Washington Park is a census-designated place (CDP) in Broward County, Florida, United States. Its population was 1,948 at the 2020 census.

Geography
Washington Park is located at  (26.130613, -80.179042).

According to the United States Census Bureau, the CDP has a total area of 1.1 km (0.4 mi2), of which 1.0 km (0.4 mi2) is land and 0.1 km (0.04 mi2) (4.88%) is water.

Demographics

As of the census of 2000, there were 1,257 people, 410 households, and 298 families residing in the CDP. The population density was 1,213.3/km (3,162.1/mi2). There were 470 housing units at an average density of 453.7/km (1,182.3/mi2). The racial makeup of the CDP was 0.08% White, 98.17% African American, 0.40% Native American, 0.08% Asian, and 1.27% from two or more races. Hispanic or Latino of any race were 0.64% of the population.

There were 410 households, out of which 30.0% had children under the age of 18 living with them, 32.4% were married couples living together, 31.2% had a female householder with no husband present, and 27.1% were non-families. 22.0% of all households were made up of individuals, and 7.3% had someone living alone who was 65 years of age or older. The average household size was 3.07 and the average family size was 3.52.

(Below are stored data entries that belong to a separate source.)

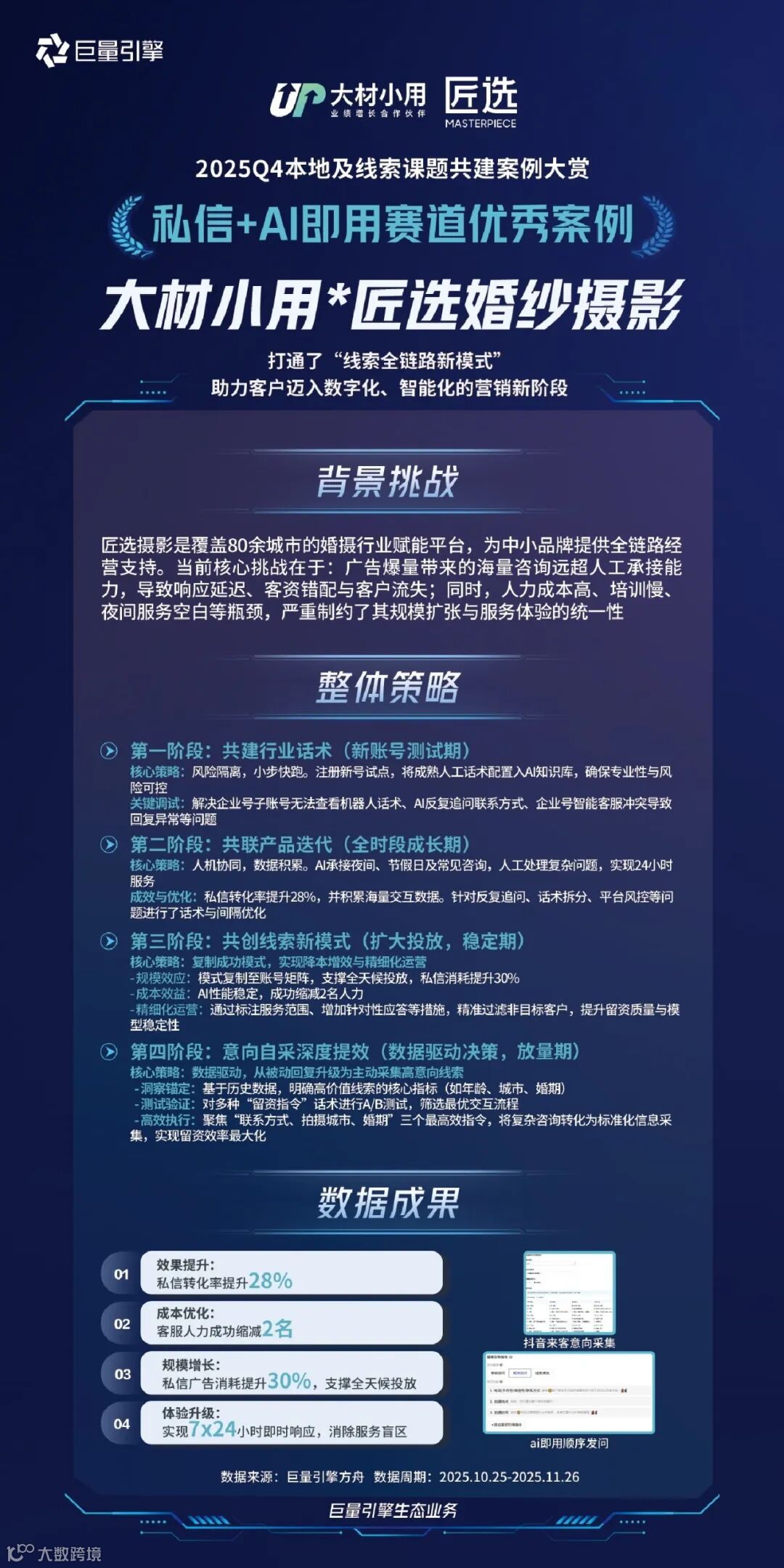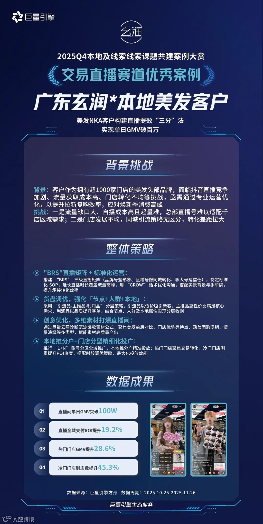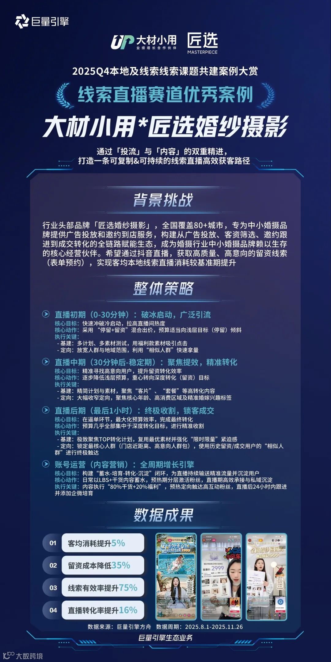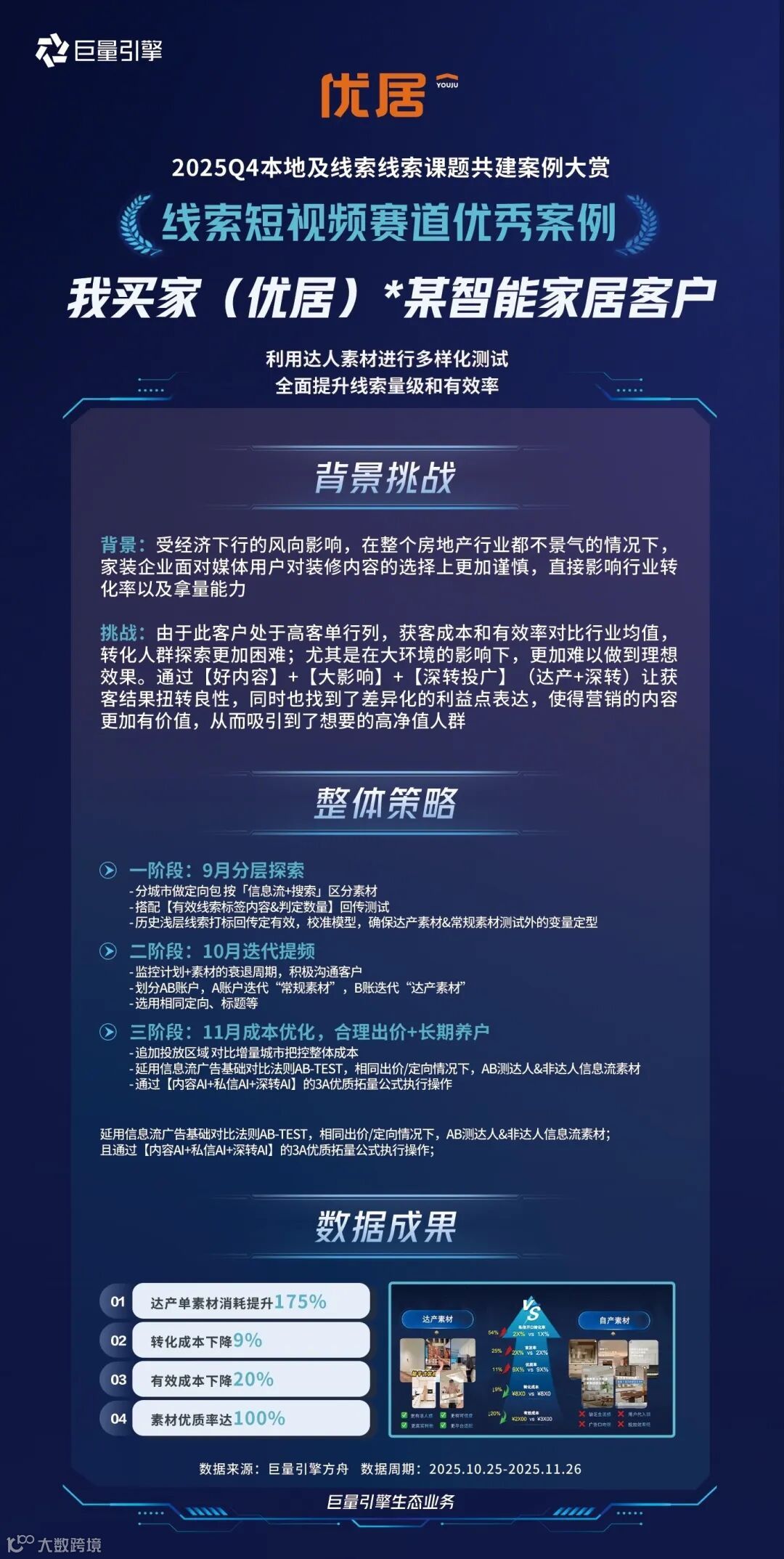 巨量引擎2025Q4本地&线索业务场景课题共建,根据年度策略导向设置了设置了「品牌云图场景」、「本地直播场景」「本地私信场景」「本地短视频场景」四大场景 & 五大课题,公开招募共91家代理&报名129则,最终遴选39家代理入围进行课题共建,本期共产出38则有效案例。为保障公平性原则,本次课题共建案例评选采用交叉评分,综合评估投放策略、产品应用、生意效果和行业方法,最终评选出积分榜top4 及15则优秀案例。
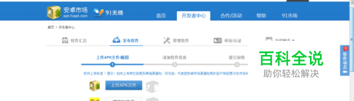 首先打开安卓市场官网,在右上角找到注册按钮,先注册成为开发者。
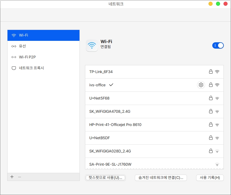 무선 인터넷을 연결하면 좌측 사이드바에 Wi-Fi 항목이 보여지고, 연결 가능한 와이파이 목록과 와이파이 사용기록을 확인할 수 있습니다.
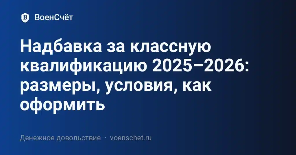 Надбавка за классную квалификацию в 2025–2026 годах — это ежемесячная доплата к окладу по воинской должности (ОВД) за присвоенный класс: 3-й, 2-й, 1-й или «мастер». Проценты фиксированные, сумма в рублях зависит от ОВД. Основание — п. 15 ст. 2 ФЗ № 306-ФЗ. КонсультантПлюс
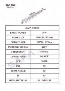 Outer face size: 1000 x 90 mm.
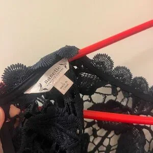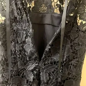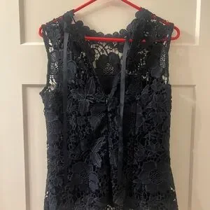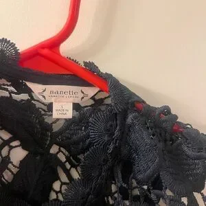 This elegant black sleeveless blouse by Nanette Lepore features a classic design with intricate lace detailing.
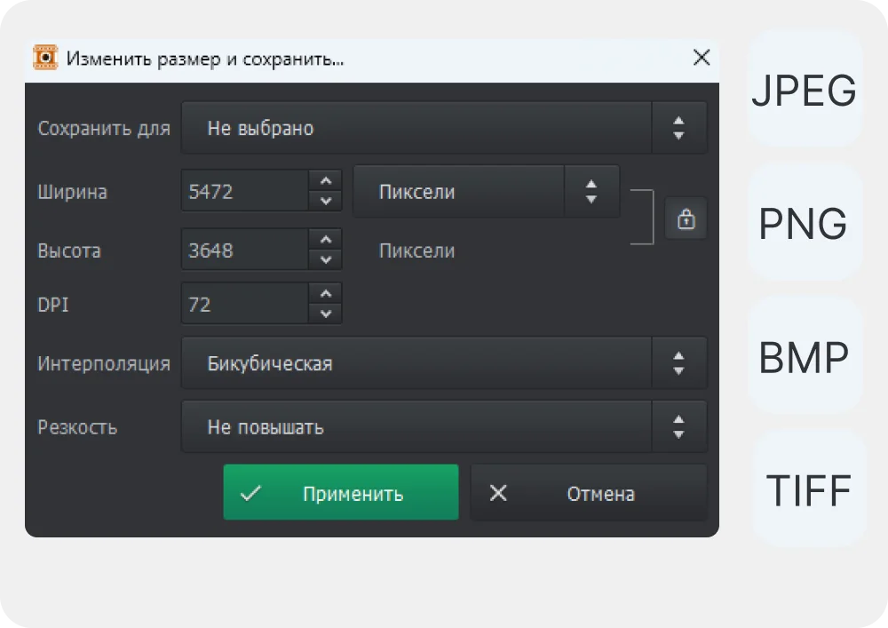 Сохраните фотографию в формате JPEG, TIFF, PNG или BMP. Укажите папку и подберите разрешение, чтобы снимок

In the CDP, the population was spread out, with 30.8% under the age of 18, 8.4% from 18 to 24, 27.6% from 25 to 44, 21.6% from 45 to 64, and 11.7% who were 65 years of age or older. The median age was 35 years. For every 100 females, there were 89.9 males. For every 100 females age 18 and over, there were 86.3 males.

The median income for a household in the CDP was $23,516, and the median income for a family was $26,528. Males had a median income of $21,583 versus $18,581 for females. The per capita income for the CDP was $11,359. About 24.9% of families and 28.5% of the population were below the poverty line, including 48.5% of those under age 18 and 19.5% of those age 65 or over.

As of 2000, English was the first language for 97.82% of all residents, while Spanish was the mother tongue for 2.17% of the population.